Hamas militants killed around 1,200 people, mostly civilians, in the October 7 attack and kidnapped another 250. About half of these hostages were released during a brief ceasefire in November 2023.
Israel’s retaliatory offensive has killed more than 46,000 Palestinians, more than half of them women and children, according to Gaza’s health ministry, which does not specify how many fighters were among the dead.
Strikes continue in Gaza
Two strikes in the town of Deir al-Balah, in the center of the Gaza Strip, killed two women and their four children, aged between 1 month and 9 years old. One of the women was pregnant and the baby did not survive, according to Al-Aqsa Martyrs Hospital, which received the bodies.
Twelve other people were killed in two strikes on the southern town of Khan Younis, according to the European Hospital.
The Israeli army had no immediate comment. Israel says it only targets militants and accuses them of hiding among civilians in shelters and tent camps for displaced people.
Yemeni rebels fire missiles at Israel
The war reverberated across the region, sparking more than a year of fighting between Israel and Lebanese Hezbollah militants, which ended with a tense ceasefire in November. Israel has also exchanged direct fire with Iran, which supports Hamas, Hezbollah and Yemen’s Houthis.

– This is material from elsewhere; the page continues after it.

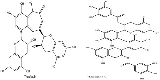 The primary chemical modification that occurs during the preparation of black tea is the oxidation of catechins to create thearubigins and theaflavin. Upon cell destruction, previously separated catechin in the cytoplasm, chloroplast PPO, and cell wall peroxidase come into contact, resulting in catechin oxidation and theaflavin formation [63]. Catechins undergo significant oxidation during fermentation, which leads to the formation of theaflavins [64]. The primary theaflavins present in black tea are theaflavin, theaflavin 3-gallate, theaflavin 3′-gallate, and theaflavin 3,3′-gallate [65]. Theaflavins are the oxidized dimers of catechin monomers.

The Israeli military said it made several attempts to intercept the missile launched from Yemen early Tuesday and that “the missile was likely intercepted.” She added that another missile fired from Yemen was also intercepted.
Police said several homes were damaged outside Jerusalem and released a photo of a missile shell that had crashed into a roof.
The Houthis, who seized Yemen’s capital Sanaa and much of the country’s north in 2014, launched a series of missile and drone attacks on Israel and attacked international shipping in the Red Sea. The Houthis say they are fighting in solidarity with the Palestinians, but the vast majority of ships targeted have no connection to the conflict.